- Directed by: Bernard Mainwaring
- Written by: David Evans
- Based on: novel by John Millard
- Produced by: John Findlay
- Starring: Ellis Irving Marjorie Hume Franklyn Bellamy
- Production company: Fox-British Pictures
- Distributed by: Twentieth Century Fox
- Release date: 1937;
- Running time: 61 minutes
- Country: United Kingdom
- Language: English

= Member of the Jury =

Member of the Jury is a 1937 British crime film directed by Bernard Mainwaring and starring Ellis Irving, Marjorie Hume and Franklyn Bellamy. It was written by David Evans based on the 1933 novel by John Millard, and was made at Wembley Studios as a quota quickie.

==Plot==
After a long spell of unemployment Walter Maitland gets a job with Sir John Sloane. On Maitland's first day work of, Sir John is arrested on for murder, and – coincidentally – Maitland is picked for jury service at his trial. Since he knows that his job depends on Sir John's acquittal, Maitland refuses to convict him, until he is finally able to reconstruct the case so that Sir John's innocence is demonstrated.

==Cast==
- Ellis Irving as Walter Maitland
- Marjorie Hume as Mary Maitland
- Franklyn Bellamy as Sir John Sloane
- Arnold Lucy as uncle
- Roy Russell as Attorney General
- Aubrey Pollock as Defence
- W.E. Holloway as Judge

== Reception ==
The Monthly Film Bulletin wrote: "The long arm of coincidence plays a leading part in this unconvincing and artificial story. The dilemma in which the chief character finds himself is a real one, but lack of firm direction results in a frittering away of interest in a welter of trivial incidents and irrelevant details. The dialogue is feeble, and the acting stilted."

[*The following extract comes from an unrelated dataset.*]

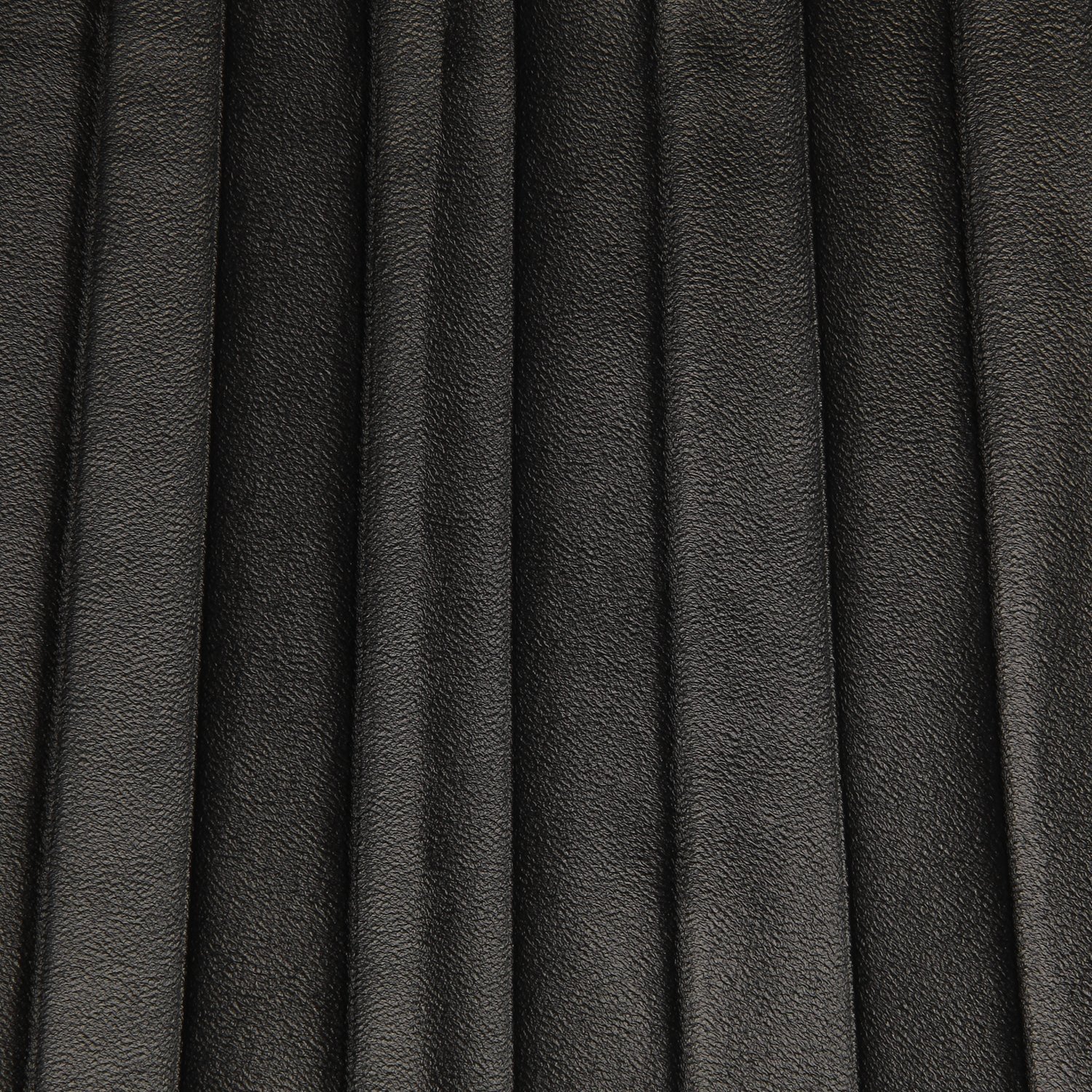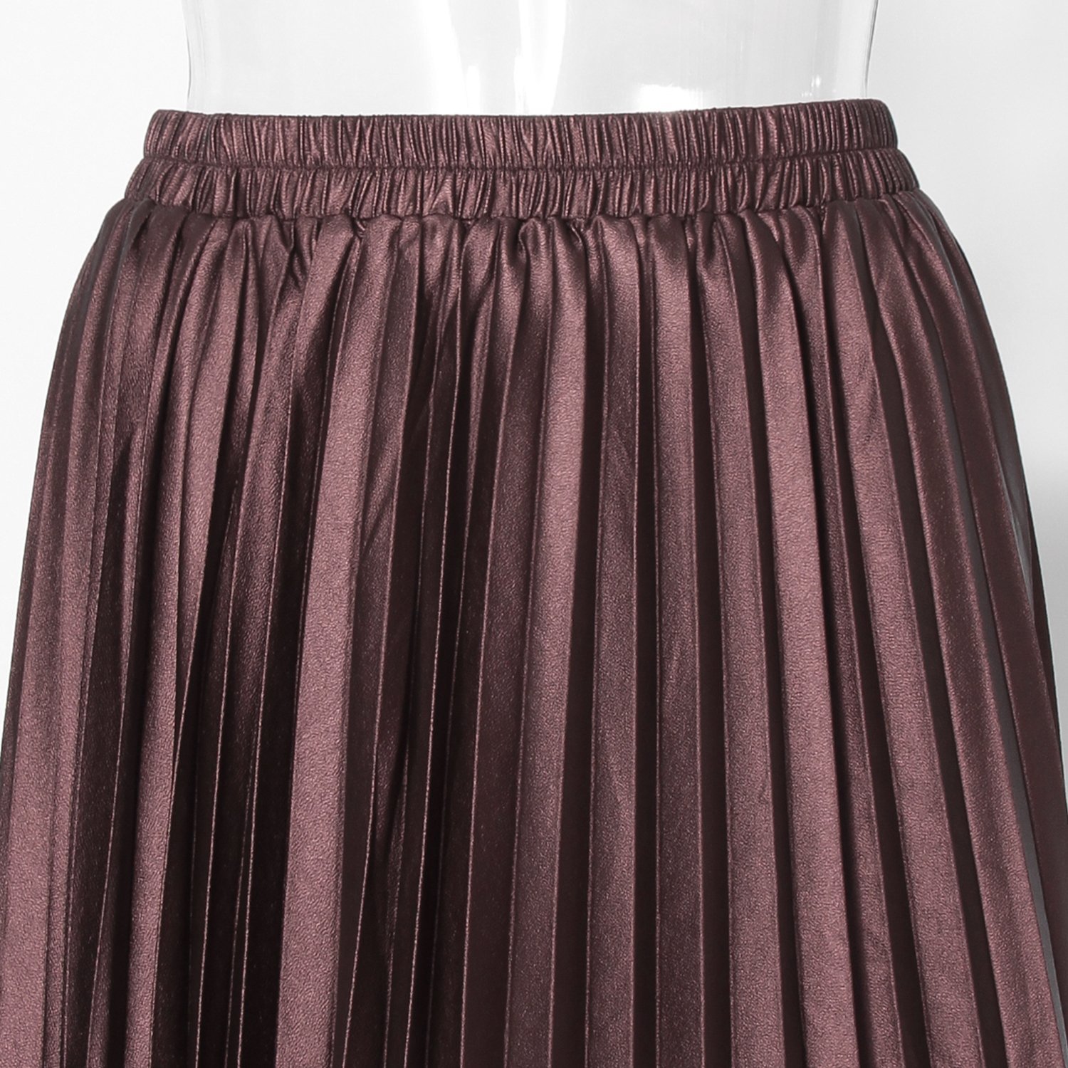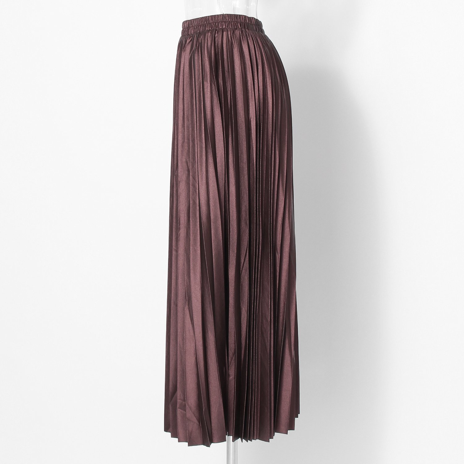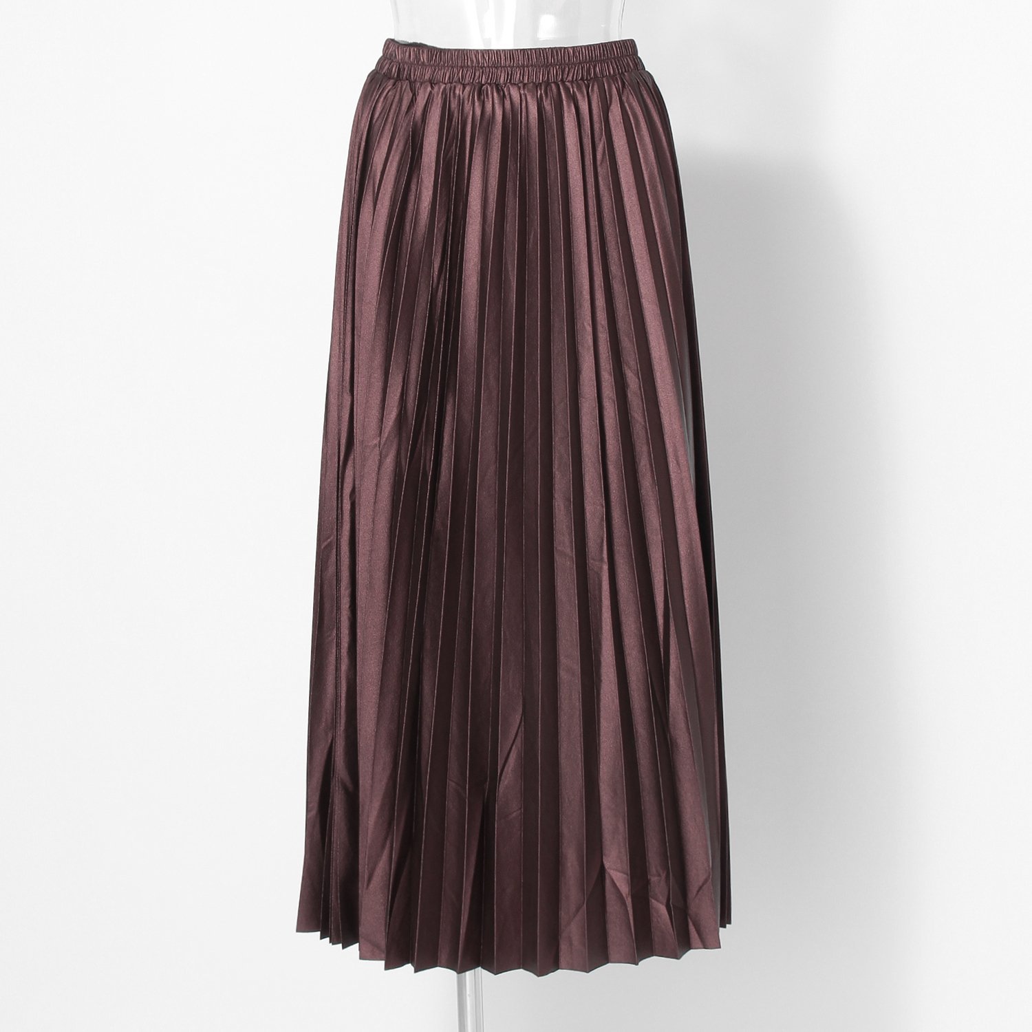 合繊素材を使用し、レザーのような質感を表現したスカート。奥行きのある独特な表情とプリーツ加工が相まって、視線を集めるデザイン性を確立しました。しっかりとした見ためながらも軽い仕様で、幅広いシーズンにはけるのも魅力のひとつです。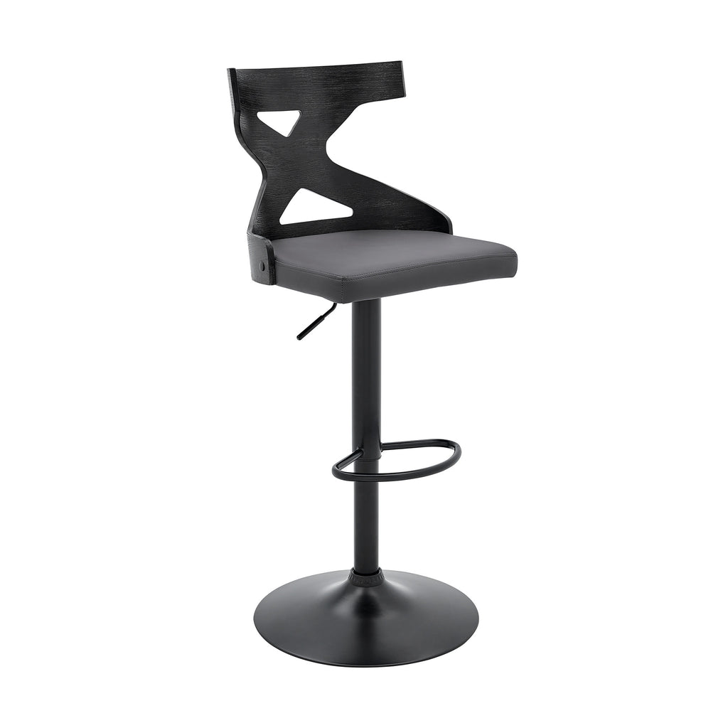 Grey Faux Leather Adjustable Black Swivel Bar Stool

Kine Weekly wrote: "Trial drama too conflicting in its testimony and closely related to theatrical coincidence to interest other than unsophisticated audiences. Although the film is never true to life, it might have been good theatre had the producer put fundamentals before fictitious furbelows."

The Daily Film Renter wrote: "The long arm of coincidence is stretched almost to its limits in this unconvincing story, while legal procedure is not always believable, and dialogue frequently trite. The Old Bailey setting is good, but judge and clerk of the court are made to appear stock figures unlikely to strike a note of realism. The acting is undistinguished, save, perhaps, for an unnamed artiste who gives a deft study of a newspaper-seller called upon by the defence."